Elazığspor
- Full name: Elazığspor Kulübü
- Nickname: Gakgoşlar
- Founded: 1967; 59 years ago
- Ground: Elazığ Atatürk Stadium
- Capacity: 18,423
- Chairman: Ahmet Feti Yılmaz
- Head coach: Mustafa Sarıgül
- League: TFF 2. Lig
- 2025–26: TFF 2. Lig, White, 3rd of 19
- Website: elazigspor.net
| Home colours | Away colours | Third colours |

= Elazığspor =

Association football team in Turkey

Elazığspor is a Turkish professional football club located in Elazığ and currently competes in the TFF Second League.
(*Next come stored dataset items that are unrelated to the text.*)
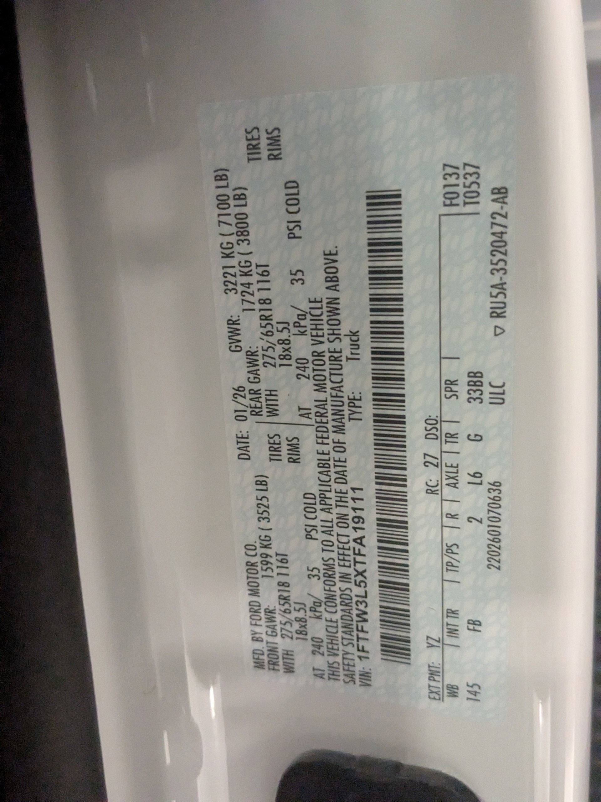 - ENGINE: 5.0L V8 -inc: auto start-stop technology GVWR: 7 100 lbs Payload Package 3.31 Axle Ratio 50-State Emissions Standard equipment on 2.7L (99P) and 5.0L V8 (995) Automatically added to 3.5L Ecoboost (998) and 3.5L PowerBoost full hybrid (99D) orders from dealers located in the following California emissions states: California Massachusetts New York Oregon Pennsylvania Vermont and Washington Available 3.5L Ecoboost (998) and 3.5L PowerBoost full hybrid (99D) option for dealers in federal states for all order types (retail / stock / fleet): Arizona Connecticut Delaware Idaho Maine Maryland Montana New Hampshire New Jersey Nevada Ohio Rhode Island and West Virginia Available option for dealers located in all states for retail orders Available option for dealers located in all states for commercial / rental fleet orders Available option for dealers located in all states for government fleet orders w/ship-to addresses in California emissions states
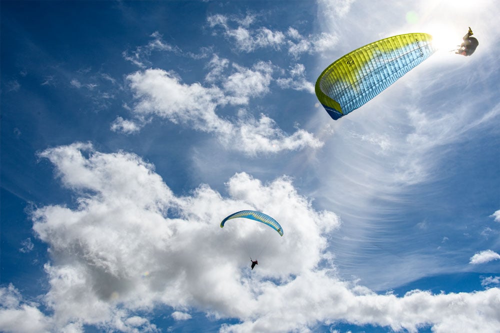 Vom Stanserhorn Richtung Pilatus fotografiert. Zwei Gleitschirme zeichnen ihre Linien in den Himmel. Ein wenig aussagekräftiges Bild – zu weit weg.
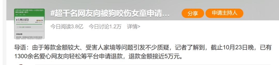 10月16日,成都市崇州市羊马街道一小区内,一名两岁女童被罗威纳犬撕咬致右肾挫裂伤。家属在轻松筹平台上发起筹款后,短时间内获得网友捐助200余万元。由于筹款金额较大,受害人家庭经济能力等问题,该事件也陷入争议。
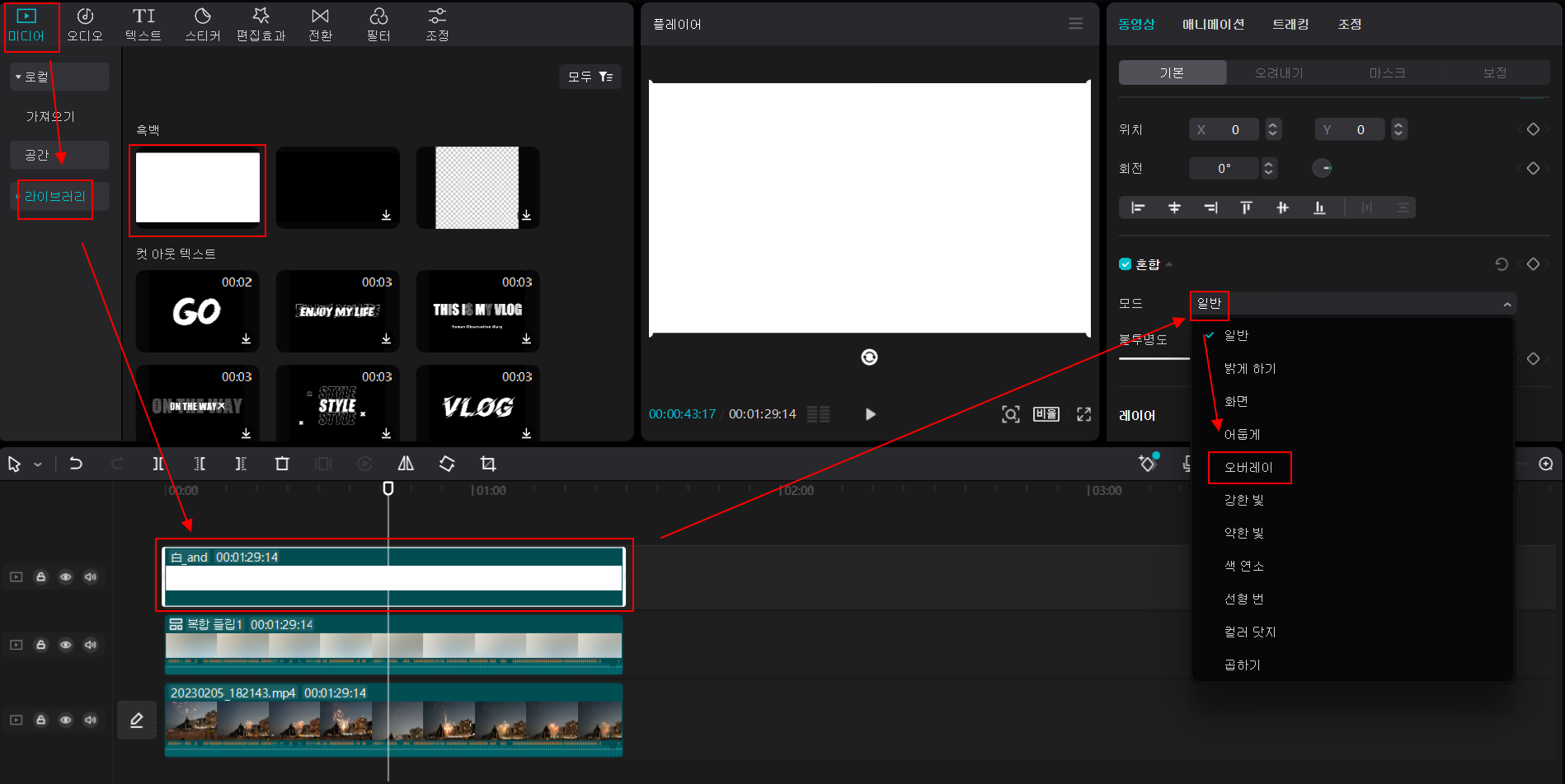 6. 여러 동영상 혼합모드에서 '오버레이' 기능 사용하기
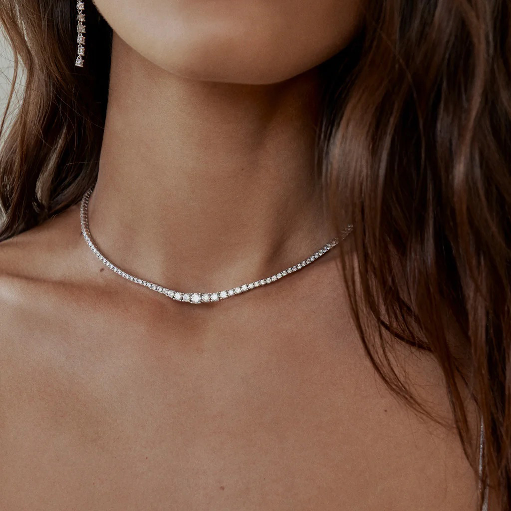 北京仓|Lili Claspe-Gradient Amina-渐变 银色 网球 项链[美国设计师]
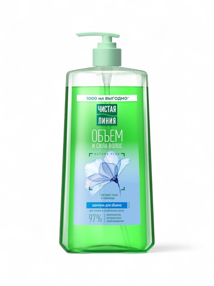 Шампунь для волос Чистая линия «объем и сила» экстракт льна и пшеницы, 1000 мл
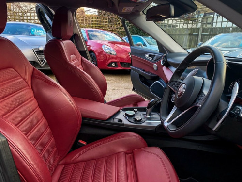 Huge spec car with over £3000 of factory extras finished in Volcano black with a full red leather interior (heated & electric)...great sounding Harmon Kardon sound system with 14 speakers, amp & subwoofer..convenience pack drivers vanity mirror & IP storage compartment..,..split folding rear seats..twin exhausts..keyless entry..ambient lighting..18" 5 hole dark grey stepped alloys with Brembo calipers..black TI front grill..privacy glass..twin exhausts.. satellite navigation with Bluetooth phone & music.. 8-speed seamless automatic gearbox with steering wheel paddles..low mileage + just serviced ..a very economical Alfa to own & run returning 40 MPG+ ULEZ compliant & just £165 road tax.....ask about our award-winning Ascari remaps (220 bhp & 530 lbs torque!) Quadrifoglio alloy wheels & carbon fibre appearance upgrades.. established for over 30 years ..all our cars are prepared to the highest of standards in our fully equipped workshop..we can arrange UK-wide delivery or click & collect for speed & convenience ... we are finance credit experts & have rates from just 5% fixed for up to 60 months...buy with confidence from Veloces..reserve now for just £99.. 18in Alloy Wheels - Dual 5-Spoke Diamond, 18in Alloy Wheels - 5 Hole Design - Dark, Brake Calipers - Red, Electric Windows - Front and Rear, Fix and Go Puncture Repair Kit, Gloss Black Window Surrounds, Heated Washer Nozzles, Power Folding Mirrors, Run Flat Tyres, Sport Pack, Sports Diffuser and Dual Chrome Exhaust, Sports Front and Rear Bumpers, Tyre Repair Kit, 40-20-40 Split Folding Rear Seats, 6-Way Power Adjustable Front Seats, Aluminium Sports Pedals - Central Tunnel, Auto Windscreen Wipers, Black Painted Interior Bezels, Climate Control - Dual Zone, Electrical Side Bolster Support, Electrochromic Rear View Mirror, Engine Start Button on Steering Wheel, Front Passenger Sun Visor with M
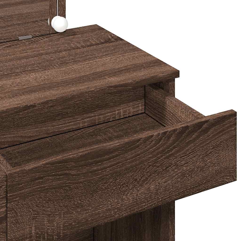 makeupbord med LED-lys 100x40x120 cm brun egetræsfarve
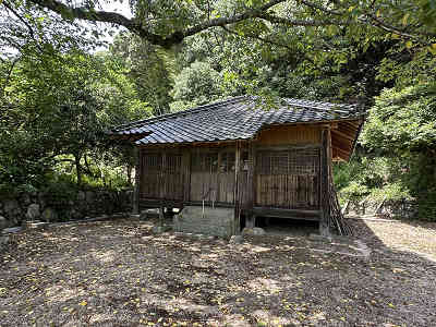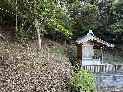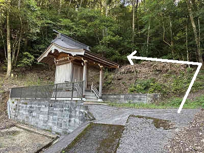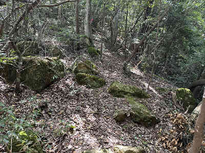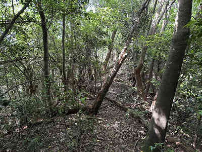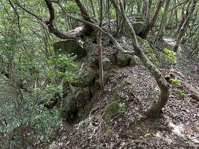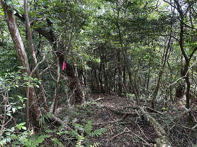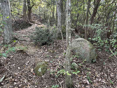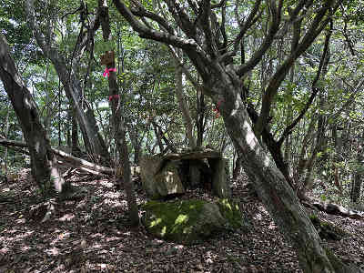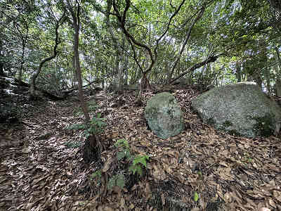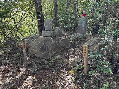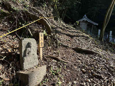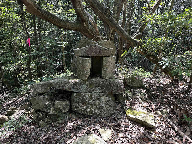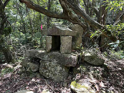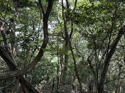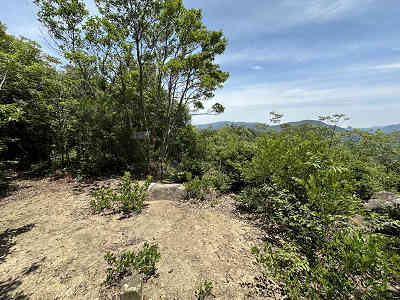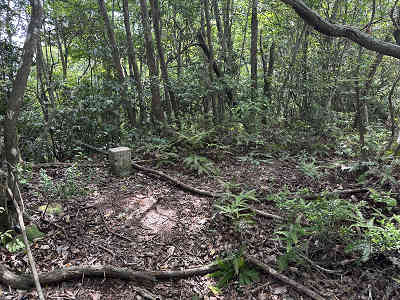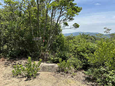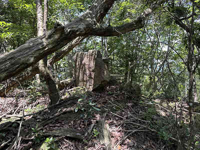 自然林が続く登山道を淡々と進み、岩が目立つ場所を通過すると、この先に祠が祀られた場所に着きました。しかし、この祠の中は空っぽでした。祠の横を通過し、わずかに坂を下って登り返すと、標高445mの高嶽山頂です。高嶽山頂にも祠が祀られていましたが、こちらも中は空でした。
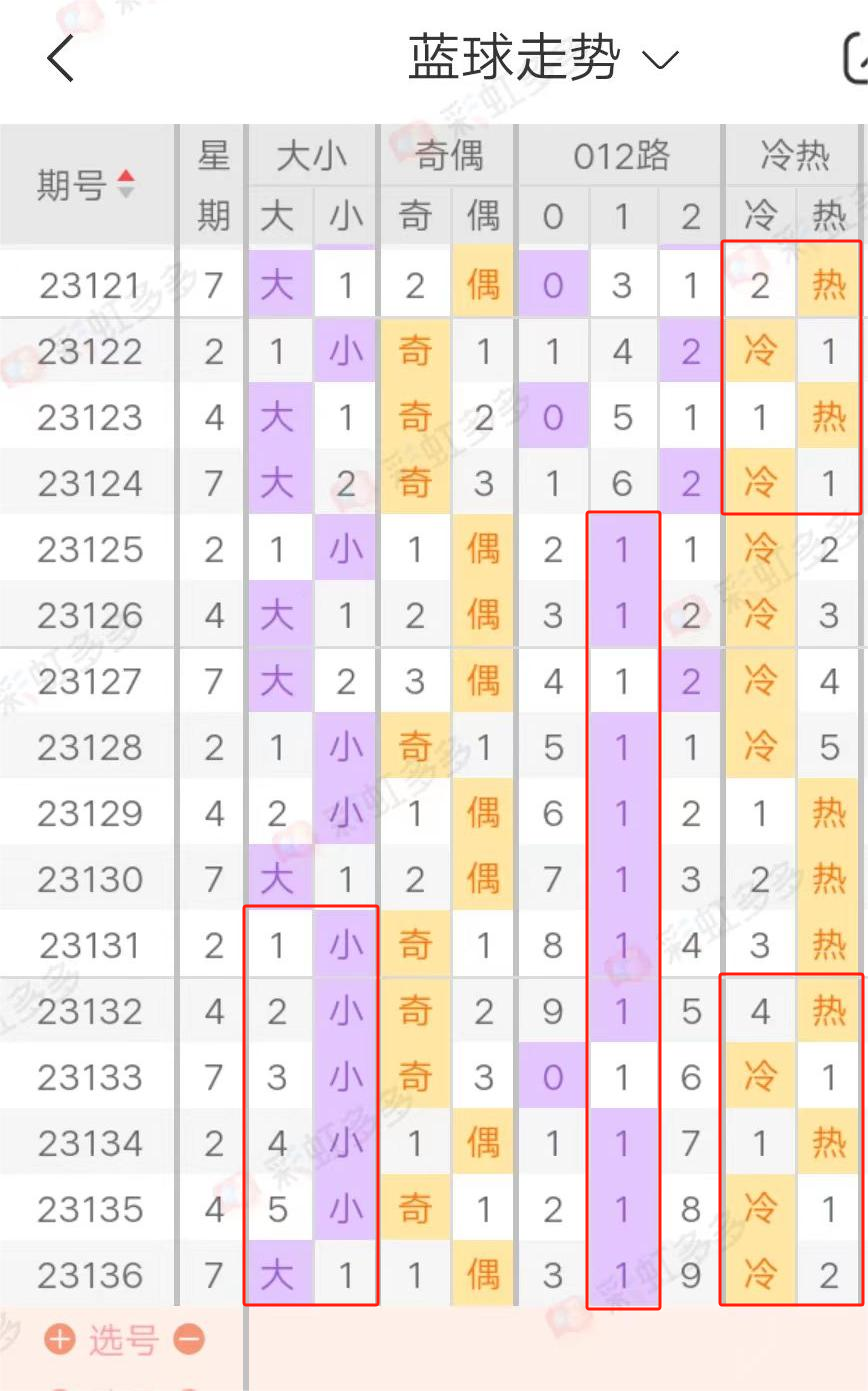近期1路蓝球爆发,占绝对的优势。上期开出的10同样是1路的蓝球。
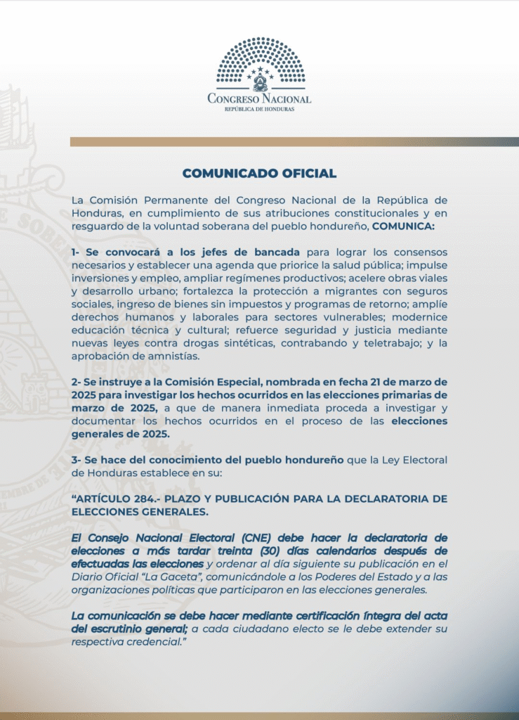 Asimismo, afirmó que se instruyó a la Comisión Especial nombrada el 21 de marzo de 2025, que en su momento investigó los hechos ocurridos durante las elecciones primarias de ese mismo año, para que de manera inmediata documente e investigue los acontecimientos relacionados con el proceso de las elecciones generales de 2025.
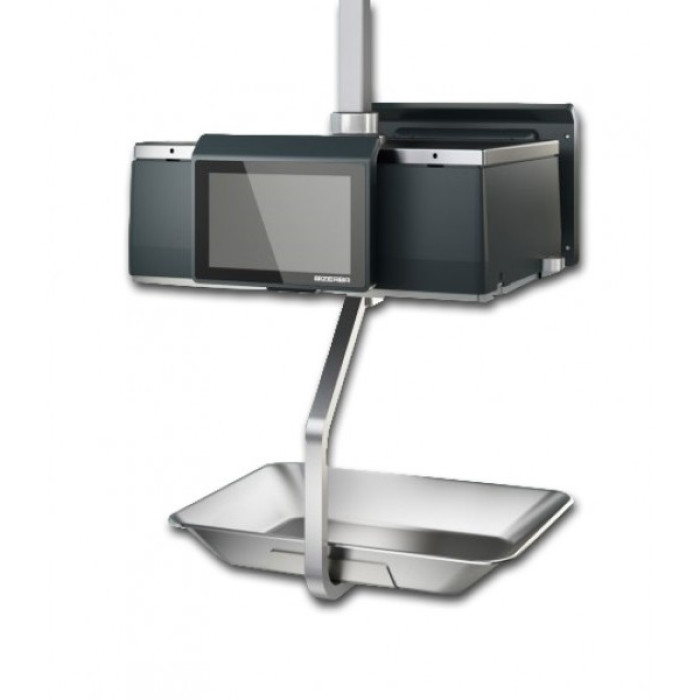 Висококласна вага підвісного типу Bizerba XC 400 від відомого німецького виробника призначена для рибних відділів. Дані ваги виконані з використанням фірмових технологій Easy Clean Surface, Easy Clean Display, що забезпечує швидке та легке видалення приклеєних до корпусу ваг етикеток, а також легке очищення дисплеїв екранів від бруду. Роботу продавця з вагами забезпечує сенсорний монітор з діагоналлю 10 дюймів, для клієнта встановлено кольоровий LCD дисплей на який може виводитися як інформація про його покупку, так і рекламна інформація про поточні акції. Принтер даних ваги дозволяє друкувати інформацію зі швидкістю до 100мм/с на носіях шириною до 80 мм, будь то стандартні етикетки з підкладкою, чекова стрічка або етикетка без підкладки. У серці ваг встановлено комп'ютер із процесором Intel Atom N2800, двома гігабайтами оперативної пам'яті та накопичувач на 32 гігабайти. Керує ж вагами Bizerba XC 400 фірмова оболонка, встановлена на ОС Windows Embedded POSReady7.
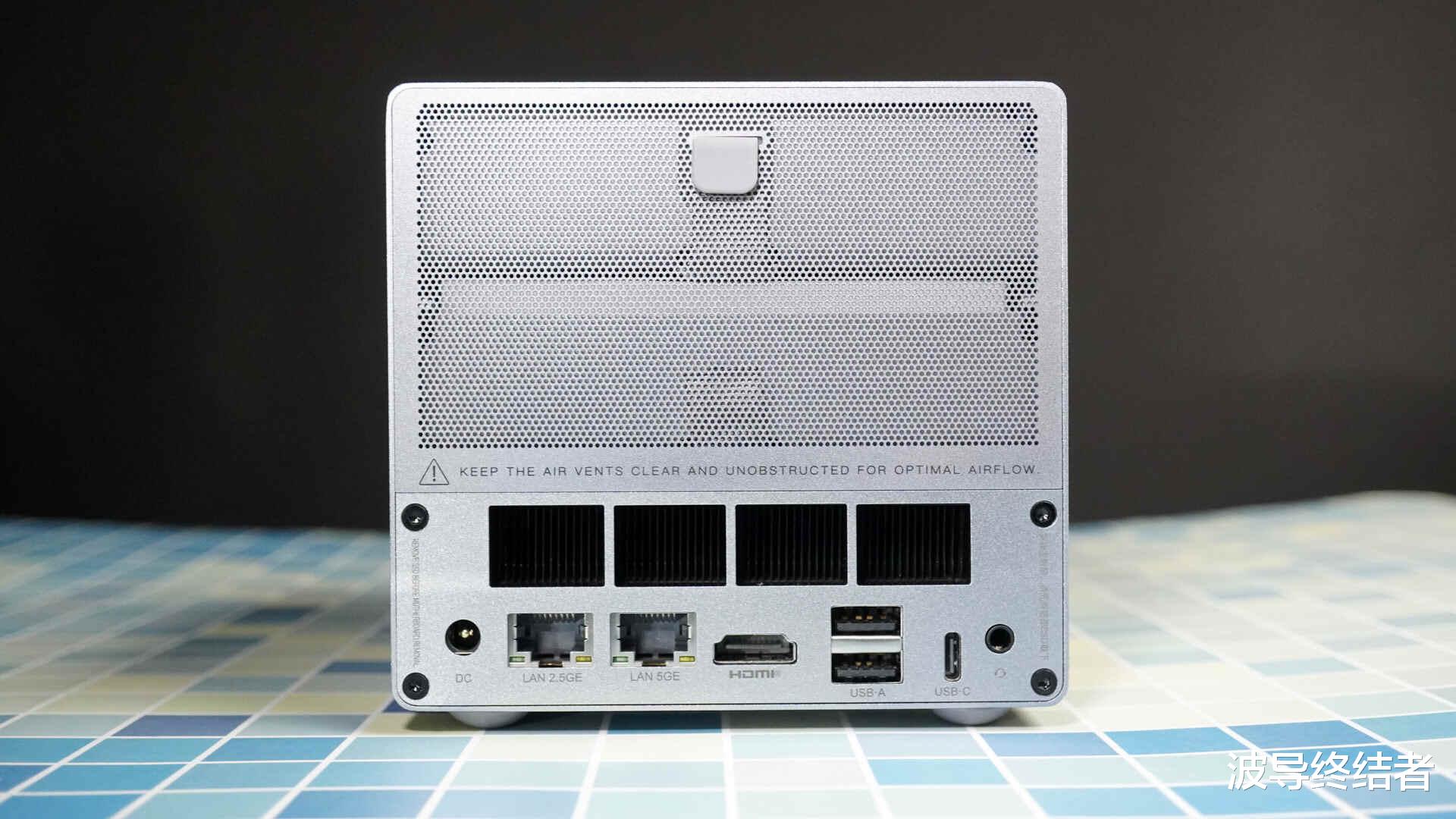 背面是主要的功能接口区,机械硬盘也从这里安装。上面2/3的部分装机械硬盘,取下磁吸的金属防尘罩,拧下螺丝抽出硬盘柜即可。下面是主板,除了散热片和通风口外,还有一个2.5G和一个5G的双网口,支持4K60Hz的HDMI视频输出,2个USB2.0的A口,一个支持视频输出的10Gbps Type-C接口,以及3.5mm音频孔。
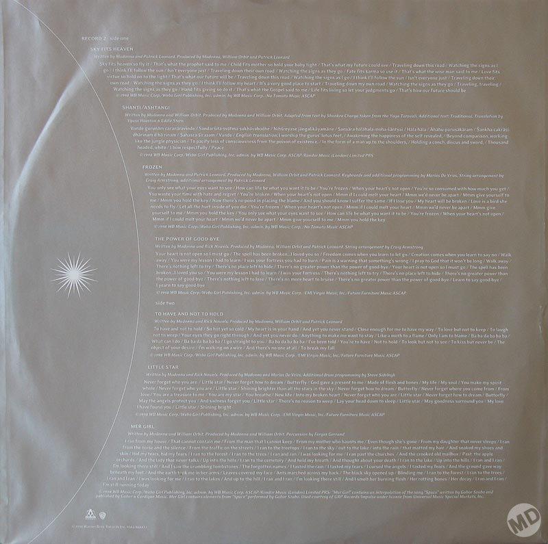 El diseño del disco «Ray of Light» como así también de todos los singles del mismo estuvo a cargo de Kevin Reagan junto a Kerosene Halo. Las fotografías fueron tomadas por Mario Testino durante un extenso portfolio realizado el 28 de noviembre de 1997 en el «Paris Theatre» de Miami. De esta sesión se tomaron varios sets que luego fueron usados para diferentes productos como la portada del single «Frozen» o la revista «Elle». El peinado estuvo a cargo de Orlando Pita; el maquillaje por Tom Pecheux y el estilismo por Lori Goldstein. Todas ediciones tanto en vinilo, casette o CD presentaban el mismo diseño y arte con idéntica tipografía y logo que para los dos primeros singles. En cuanto al booklet o librillo del CD presentaban más fotos de la misma serie e incluía los créditos y las letras de las canciones. La caja de CD en empaque jewelcase es transparente para observar un fondo.

They play their home games at Elazığ Atatürk Stadium in Elazığ, which has a maximum capacity of 18,423. The club was founded in 1967. They have also played in the Süper Lig many times in the past.

==History==
Elazığspor was founded in 1967 when three clubs (Merkez Gençlik, Güvenspor and Harputspor) were united to form a strong team for the city of Elazığ. The club's emblem refers to a famous local dance called Çayda Çıra. This dance is performed with candles in the hands. Elazığspor's main rivals are Malatyaspor. The cities Elazığ and Malatya, were Malatyaspor play, are neighboring cities. Due to the rivalry meaning a lot to those fan bases, extra security is almost a necessity to make sure of safety. Due to the fan bases dislike for each other, sometimes the visiting team's fans will not be allowed to attend the game due to security reasons. Usually, there will be around 30 journalists from Malatya to attend the game whenever the rivalry is being hosted by Elazığspor. The “Doğunun derbisi” has become one of the biggest football rivalries in Turkey.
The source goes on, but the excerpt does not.